Attracting Female Readers, part II

by the Legend Chuck Dixon

Continued from Attracting Female Readers, part I

Back to history for a moment. The female comic readers, along with the boys, stopped buying and reading comics in significant numbers in the 1970s. This led to the “implosion” in sale that very nearly drove the major comics publishers out of business. Only through timely sales of properties to ancillary media, licensing from a sudden interest in superhero action figures, and some canny marketing (by Stan Lee at Marvel) did they manage to hang on.

But even as sales began to rise again in the 80s and boom in the 90s, the ladies did not return to the spinracks. The reason for this is the same reason that the sale plummeted in the first place, the emphasis on superhero titles. The comics with the largest block of female readers were gone for the most part. Genres like humor, romance and horror had vanished. Now it was all either musclemen and monsters punching each other over the fate of the universe or self-tortured masked loners battling their inner demons by duking it out with thematic psychos in rainy alleyways.

In this period there were only two titles that consistently dominated comics sales.
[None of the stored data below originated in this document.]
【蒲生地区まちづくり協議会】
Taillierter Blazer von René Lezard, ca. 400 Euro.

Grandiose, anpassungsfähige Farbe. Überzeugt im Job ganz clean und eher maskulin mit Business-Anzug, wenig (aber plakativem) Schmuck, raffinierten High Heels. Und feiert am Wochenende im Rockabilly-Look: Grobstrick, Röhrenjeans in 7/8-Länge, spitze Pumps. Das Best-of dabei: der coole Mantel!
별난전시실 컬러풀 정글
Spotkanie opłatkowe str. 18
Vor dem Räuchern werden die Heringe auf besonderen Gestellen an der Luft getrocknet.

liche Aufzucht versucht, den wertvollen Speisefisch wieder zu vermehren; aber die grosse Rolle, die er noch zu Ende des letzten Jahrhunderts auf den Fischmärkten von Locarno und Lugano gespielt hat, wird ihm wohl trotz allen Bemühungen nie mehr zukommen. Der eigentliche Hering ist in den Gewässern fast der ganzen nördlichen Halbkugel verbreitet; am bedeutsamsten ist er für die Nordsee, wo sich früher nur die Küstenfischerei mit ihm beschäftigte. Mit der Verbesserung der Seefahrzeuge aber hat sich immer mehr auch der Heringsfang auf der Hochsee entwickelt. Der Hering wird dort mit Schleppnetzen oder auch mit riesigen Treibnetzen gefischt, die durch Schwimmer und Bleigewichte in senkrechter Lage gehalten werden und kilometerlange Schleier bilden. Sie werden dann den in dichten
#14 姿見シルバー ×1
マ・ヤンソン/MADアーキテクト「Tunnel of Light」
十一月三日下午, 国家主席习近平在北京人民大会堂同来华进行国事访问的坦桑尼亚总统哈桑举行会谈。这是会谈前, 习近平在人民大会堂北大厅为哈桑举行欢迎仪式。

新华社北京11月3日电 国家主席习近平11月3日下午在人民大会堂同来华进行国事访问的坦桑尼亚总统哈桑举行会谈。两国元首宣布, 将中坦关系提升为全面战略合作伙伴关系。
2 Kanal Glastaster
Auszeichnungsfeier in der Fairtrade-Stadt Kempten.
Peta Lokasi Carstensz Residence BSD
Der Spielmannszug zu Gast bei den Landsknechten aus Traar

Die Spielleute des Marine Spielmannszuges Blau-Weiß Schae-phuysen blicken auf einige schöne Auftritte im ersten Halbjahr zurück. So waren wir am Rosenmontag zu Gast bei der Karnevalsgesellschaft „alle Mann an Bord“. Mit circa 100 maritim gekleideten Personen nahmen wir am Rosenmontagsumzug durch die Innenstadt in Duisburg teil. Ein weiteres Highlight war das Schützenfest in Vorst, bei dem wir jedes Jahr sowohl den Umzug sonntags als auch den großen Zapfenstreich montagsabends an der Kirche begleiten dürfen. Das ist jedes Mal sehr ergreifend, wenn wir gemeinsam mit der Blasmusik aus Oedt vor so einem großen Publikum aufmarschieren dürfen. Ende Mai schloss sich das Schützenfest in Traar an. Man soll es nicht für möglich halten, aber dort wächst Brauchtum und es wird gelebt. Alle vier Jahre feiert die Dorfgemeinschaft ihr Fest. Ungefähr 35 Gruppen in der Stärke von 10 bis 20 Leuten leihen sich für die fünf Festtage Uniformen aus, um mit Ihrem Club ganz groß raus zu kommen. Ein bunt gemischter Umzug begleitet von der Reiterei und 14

They were both at Marvel. One was a title so scientifically boy-targeted it could not fail. G.I. Joe, under the expert guidance of Larry Hama and backed by a phenomenal toy line, reigned over comics for a decade as the number one title. Take that, Watchmen. Its nearest sale rival was X-Men, as written by Chris Claremont.

With no toy line to support it and the first X-Men movie years away, what lifted this series above the rest?

Well, it was the ladies.

Claremont wrote the X-Men not as a monthly comic book but as a decades-spanning saga, practically a lifestyle. He infused every character with traits and flaws and tragic pasts to a depth not often seen in superhero comics.
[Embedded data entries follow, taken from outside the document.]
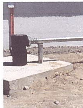
•Pozo APR Mallermo. •Perforación y entubamiento en 2018 DOH. •Habilitación Pozo Mallermo, postulado por el municipio a PMB – IRAL por $67.500.000. •Distribución de Agua Potable con Camión Aljibe.

Este proyecto permitirá extraer agua potable para ser repartida en camiones aljibes a la comunidad, pero indica que no es la solución óptima. Por lo tanto, lo que el municipio solicita al Consejo Regional, es poder conectar el pozo de Mallermo con un segundo pozo ubicado en Estadio de la localidad de Mallermo y de esta forma conectarlo a red, para llegar con esa agua hasta las copas del APR. El proyecto PMB que se está terminando, es el pozo de Mallermo cuya perforación y entubación se realizó en el año 2018 y la habilitación del pozo el cual fue un proyecto postulado por el municipio en conjunto con la DHO, lo que significa una mejor distribución de agua potable en camiones aljibes, lo que para el municipio no es lo óptimo, aclara el profesional. Lo que el APR está haciendo es sectorizar el suministro de agua y que solo es para los sectores bajos, para lo cual el municipio aporta con dos camiones aljibes para la distribución de agua en conjunto con los dos camiones de ONEMI, los que hacen una suma de mil litros de agua distribuidos en domicilios con arranque y sin arranque de agua potable. Esto significa que en las viviendas ya no hay agua potable saliendo por las llaves.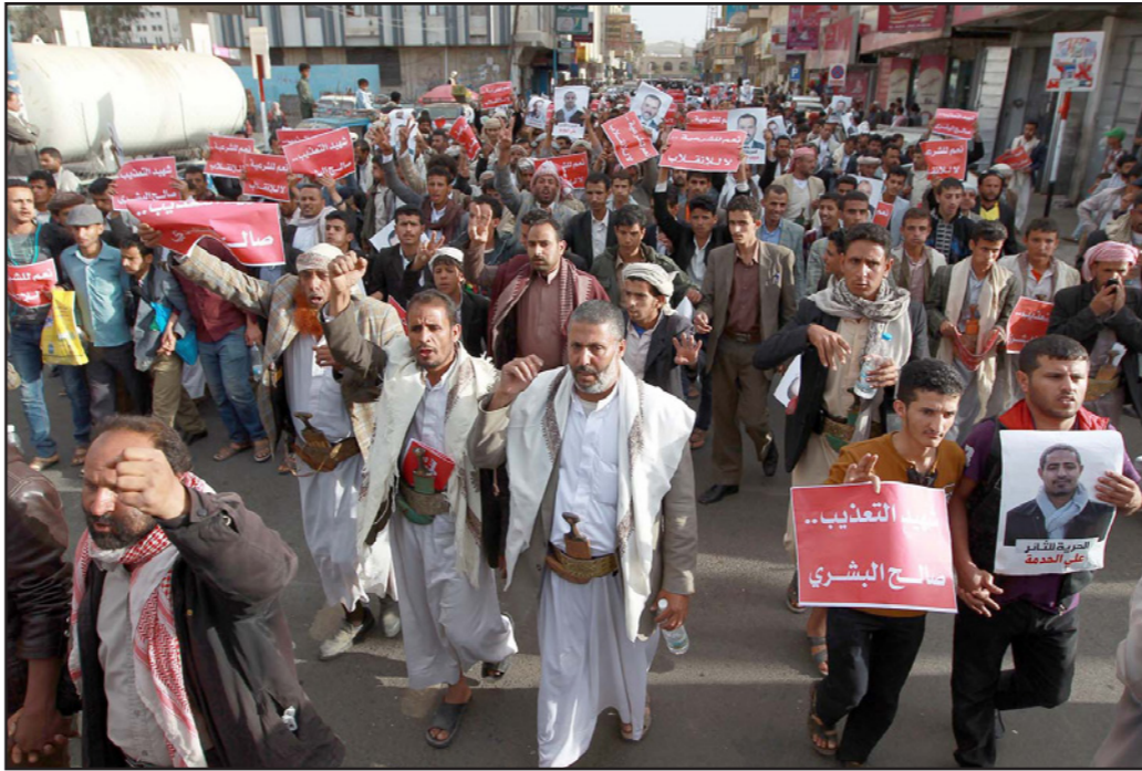
جانب من تظاهرات يومية تشهدها صنعاء ضد الانقلاب الحوثي

وتقل المصدر عن السقاف تأكيد أن مراسم التسليم والاستلام ستتم في مقر قيادة القوات الخاصة في عدن (الأمن المركزي سابقاً)، دون الكشف عن تفاصيل أخرى.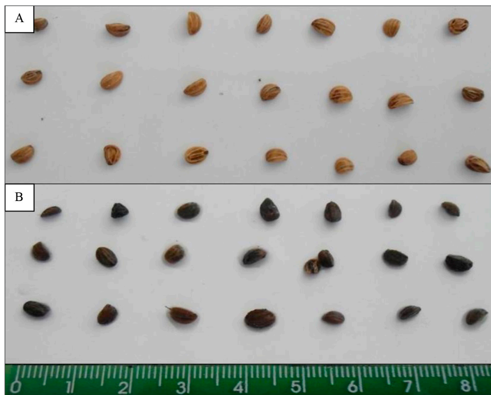
Figure 1 – External appearance of yerba mate seeds. (A) seeds not submitted to the stratification process; (B) seeds submitted to the 180-day stratification period.

And story lines were layered like a Napoleon pastry. Even the layers had layers. And running sub-plots could last for years before being resolved or, often, never resolved. Claremont also added loads of female characters to the cast until the X-Men became the only gender-equal superhero ensemble in comics. And, remarkably by today’s standards, he did it without an agenda beyond entertainment.

There was no ballyhoo made when Storm, a woman of color, became leader of the X-Men. Claremont created a character and situation where Storm was the best choice. Readers not only approved, they loved it. In today’s atmosphere this would have been the virtue-signaling opportunity of lifetime. We’d all be told that we had no choice but to not only approve, but celebrate the story by buying multiple copies. If we didn’t, well, you know what you are, Mr. Hater.

But, back in the 1990s, it just seemed like a cool comic book giving a much-loved character her due.